Dynastic order of Montenegro

The Order of Prince Danilo I (Orden Knjaza Danila I; Cyrillic: Орден Књаза Данила I), founded as the Order of Merit for the Independence of Montenegro (Red zasluga za nezavisimost Crne Gore) and also known as the Order of Danilo I or the Order of Independence, is a Montenegrin order instituted at Cetinje on St George's Day, 23 April 1853 (O.S.; 5 May N.S.), by Prince Danilo I, the first secular ruler of Montenegro, following the successful defence of the country against the Ottoman Empire in the war of 1852–1853. It was the first order instituted by the Montenegrin state and remained its senior award for merit throughout the Principality (1852–1910) and the Kingdom of Montenegro (1910–1918).
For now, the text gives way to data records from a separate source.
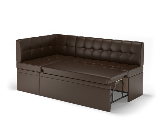 Поворотный – угловой диван раскладывается путем поворота подвижной части на 90 градусов параллельно стационарной части и фиксируется специальным зацепом.
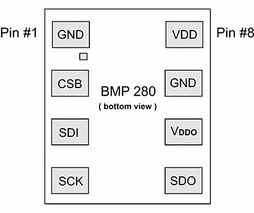 Подключение BMP 280 к Ардуино. Pin-Up и вид сверху платы изображены на рисунке.
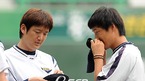 '2009 CJ 마구마구 프로야구' SK 와이번스와 두산 베어스의 치열한 2위 다툼 경기가 27일 오후 인천 문학구장에서 벌어졌다. 경기 전 두산 김선우와 김상현이 모자의 실밥을 뜯고 있다./인천=윤민호 기자ymh@osen.co.kr
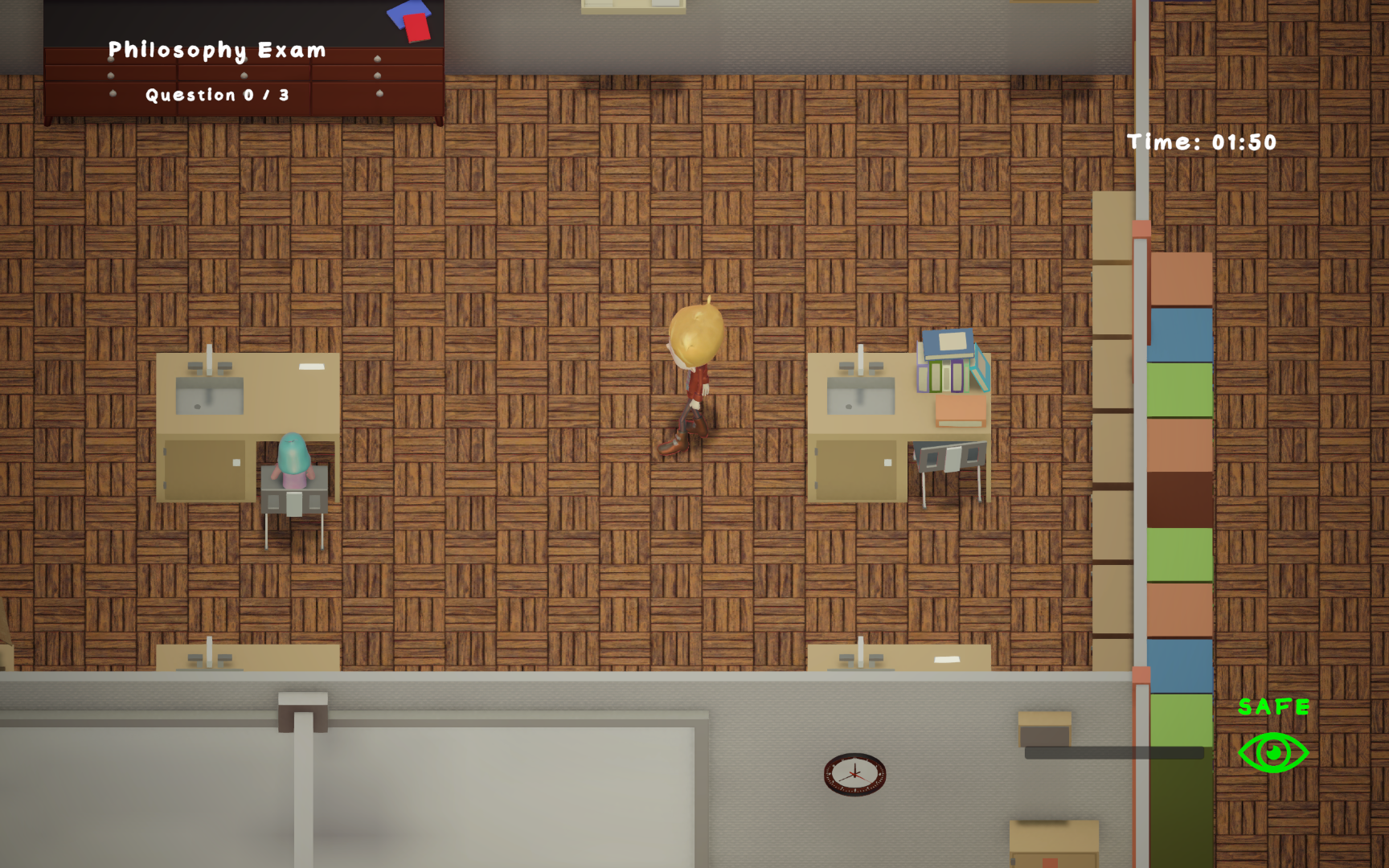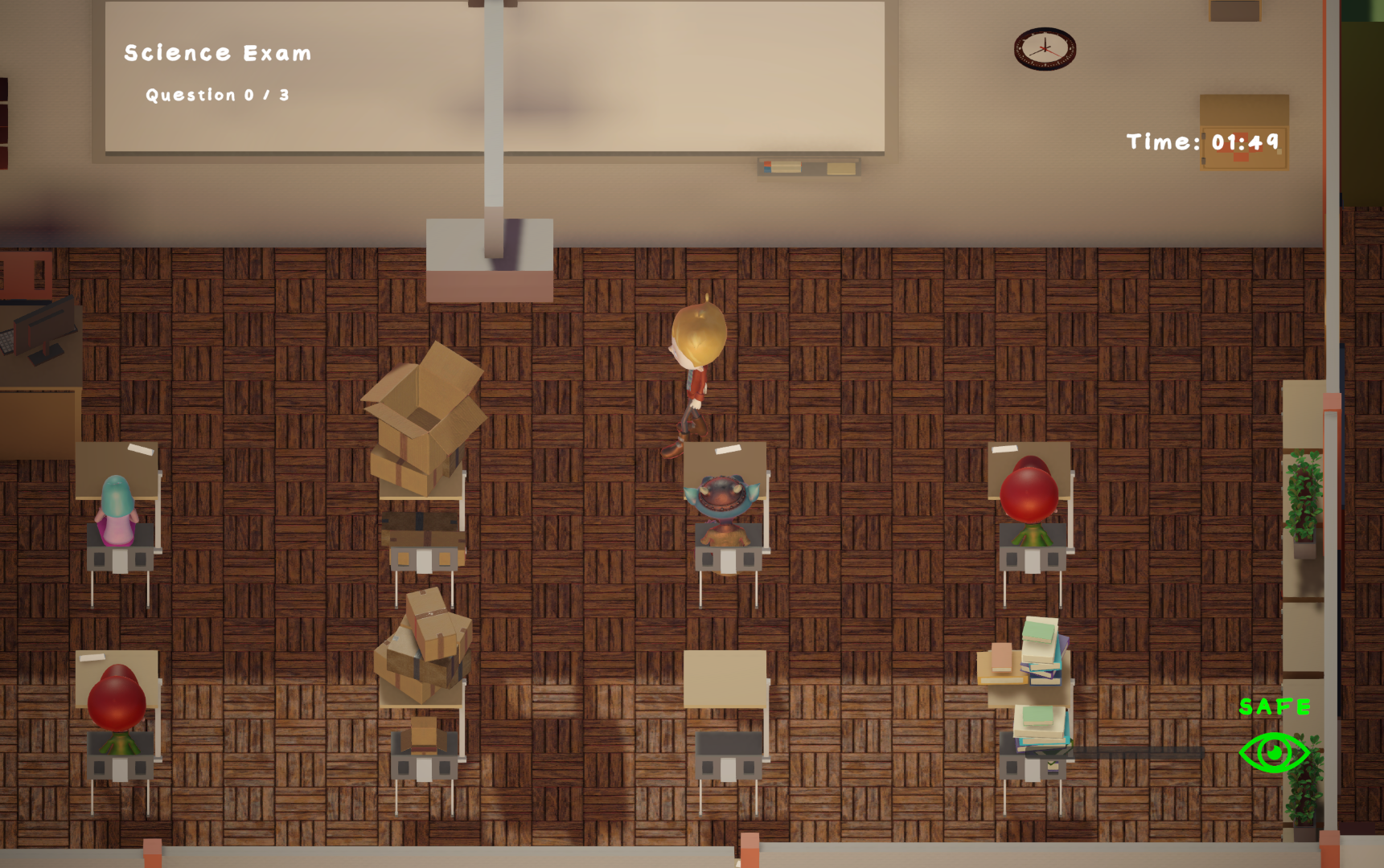 Tu es un étudiant qui n'a pas révisé. Ta seule option ? Copier sur tes camarades sans te faire attraper par le professeur.
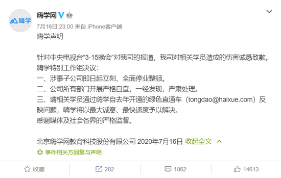 嗨学网是一家线上职业培训机构。被点名后,嗨学网回应表示,已成立特别工作组,目前正在对相关事件展开调查,对涉事子公司进行停业整顿。
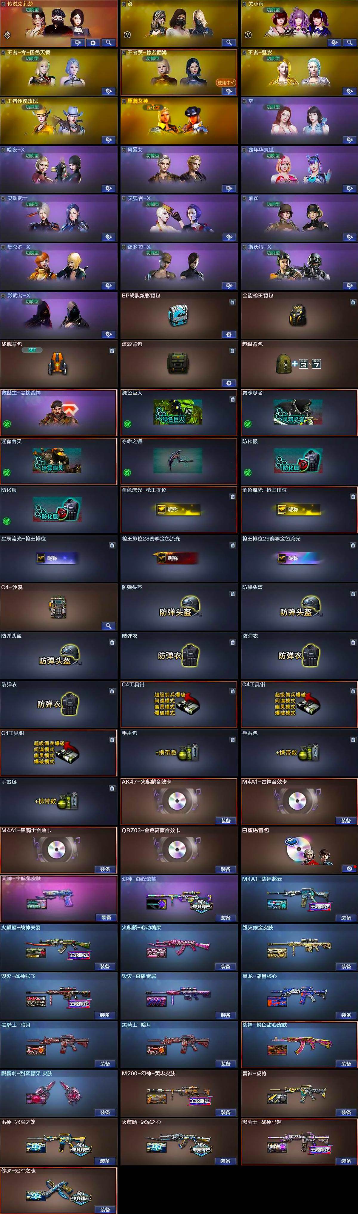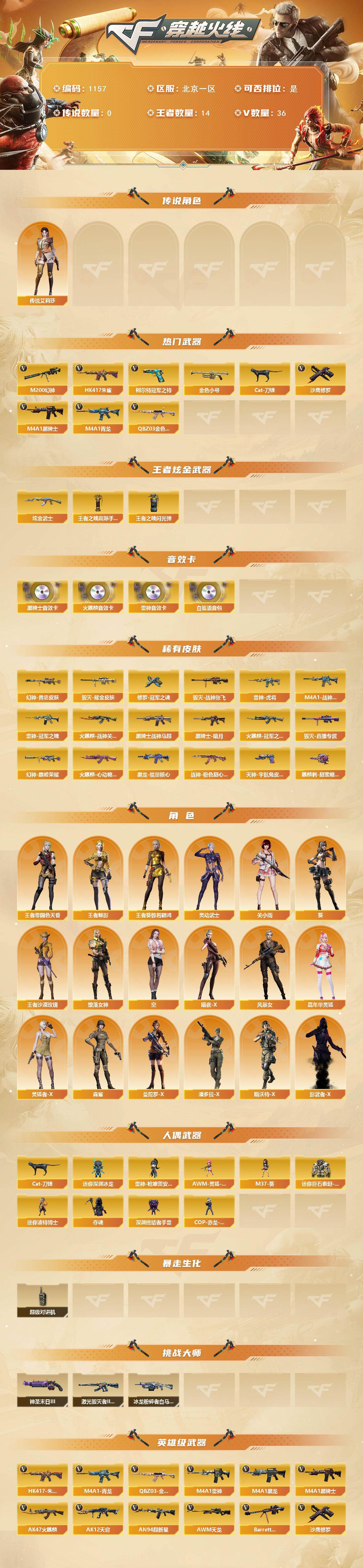 北京一区-36v-14王者-1炫金 【传说角色】:传说艾莉莎 【热门武器】:q03-金色蔷薇,hk417-朱雀,m4a1-青龙,m200-幻神,柯尔特-冠军之特,金色小号,cat-刀锋,m4a1-黑骑士,沙鹰-修罗 【王者炫金武器】:炫金武士,王者之魄高爆手蕾4,王者之魄闪光丹3 【音效卡】:ak47-火麒麟音效卡,m4a1-雷神音效卡,m4a1-黑骑士音效卡,白鲨语音包 【皮肤】:m
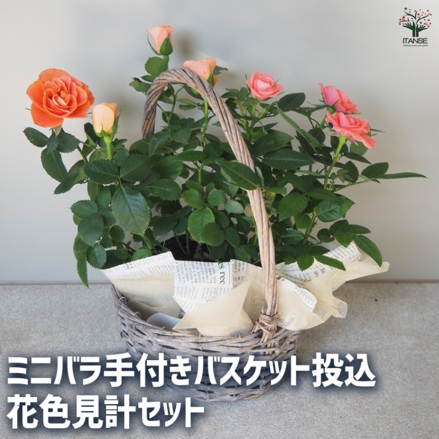 ミニ薔薇 花色見計らいセット【花苗 手付きバスケット投込売り】
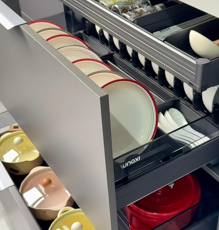 基本上常用的厨具都能放入到内部,什么碗碟、锅具、餐具等等,整皆的放到内部,很省事。
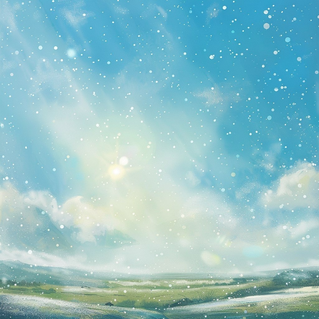 Создано на основе запроса: A soft pastel illustration in the style of Raymond Briggs, a bright blue sky with delicate snowflakes gently
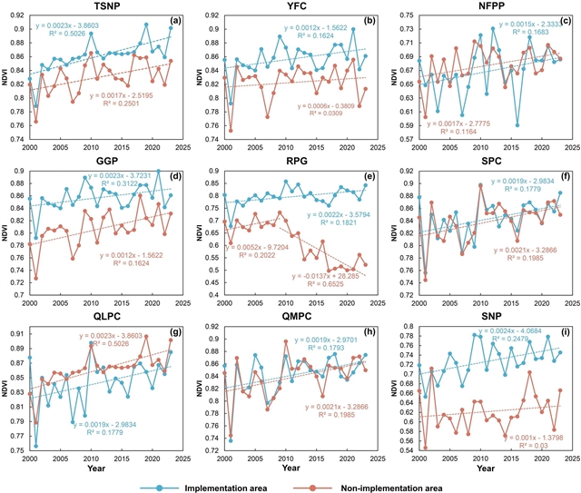 整体上全部生态保护政策都是有效的。其中三北防护林、长江防护林、天然林保护工程及国家公园等政策,有效提升了区域植被覆盖度,并增强了生态系统稳定性。退耕还林工程促进植被恢复效率增加,退牧还草工程有效缓解了畜牧业对生态环境的压力。
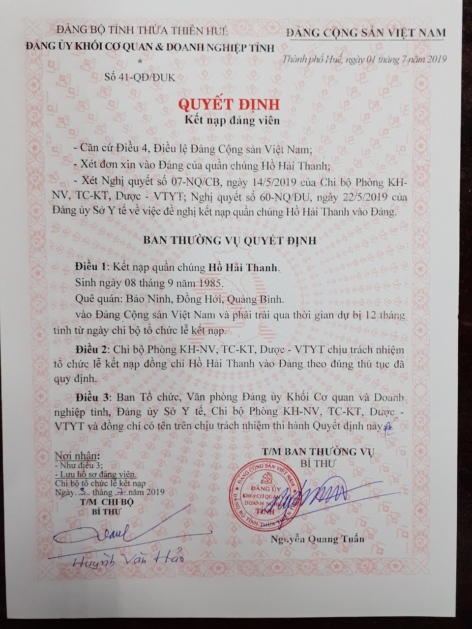 Với tinh thần chỉ đạo của cấp ủy đảng cấp trên, Chi bộ Phòng KHNV, Tài chính kế toán, Dược VTYT đã chỉ đạo tổ chức nhiều phong trào thi đua, lập thành tích trong thực hiện nhiệm vụ và luôn tích cực bồi dưỡng, giúp đỡ các quần chúng ưu tú để kết nạp vào Đảng. Qua thời gian tích cực phấn đấu của quần chúng Hồ Hải Thanh và được sự giáo dục, giúp đỡ của Chi bộ, quần chúng Hồ Hải Thanh đã tự khẳng định được năng lực và tự nguyện xin vào Đảng CSVN. Chiều ngày 03/7/2019 Chi bộ phòng KHNV, TCKT, DVTYT tiến hành tổ chức Lễ kết nạp đảng viên cho đồng chí Hồ Hải Thanh. Đến dự Lễ kết nạp đảng viên có: Đồng chí Nguyễn Đình Sơn, đảng ủy viên đảng bộ SYT, Bí thư đảng bộ bộ phận, phó GĐ phụ trách TTKSBT, các đ/c trong BCH đảng ủy bộ phận và các đ/c cấp ủy Chi bộ và toàn thể đảng viên, cán bộ viên chức của phòng KHNV, Phòng TCKT, khoa Dược VTYT. Lễ kết nạp được tổ chức long trọng và thành công.
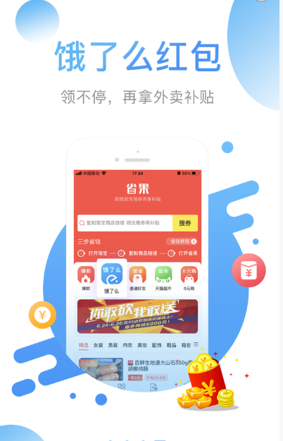 省果APP安卓版下载,一款最好用的网络购物软件,这里拥有海量的手机购物产品,每天都会实时更新,很多用户下载后好评不断,而且还有很多的优惠券,帮助用户购买到很多的性价比好物,节省更多的钱,让每一个用户在这里感受最好的服务以及体验不一样的购物乐趣,每一个喜爱购物的你,不妨可以下载体验一下省果APP。整理必备折扣券,放心网购最新单品,希望能让大家满意。每次新人注册后,还能获得网购免单的福利,秒抢天猫等平台的内部优惠券,使用门槛非常低。

Its motto, За независимост Црне Горе ("For the Independence of Montenegro"), unites the founder's name with what its historian has called the basic credo of the Montenegrin national programme.

Following the fall of the monarchy in 1918, the Order has been maintained as a dynastic order of the Royal House of Montenegro. It is conferred by the head of the house, who is its Sovereign, or in his name by the Grand Master, and is governed by a Statute published in the Government gazette of Montenegro under the Law on the Status of the Descendants of the Petrović Njegoš Dynasty. It comprises a Collar and five classes and is conferred on persons of merit, Montenegrin or foreign, women being admitted on the same footing as men. Its founding day is kept on 5 May.

== History ==

=== Background ===
Montenegro's first decorations were the two medals instituted by the prince-bishop Petar II Petrović-Njegoš: the Medal for Bravery, first struck in 1841 from old church silver after a Turkish attack on the Bjelopavlići, and the gold Obilić Medal, designed by Anastas Jovanović at the turn of 1846 and 1847 and named for the Kosovo hero Miloš Obilić. Both were awarded for the highest bravery in the field, and between the first medal of 1841 and 1895 Montenegro possessed five official decorations in all.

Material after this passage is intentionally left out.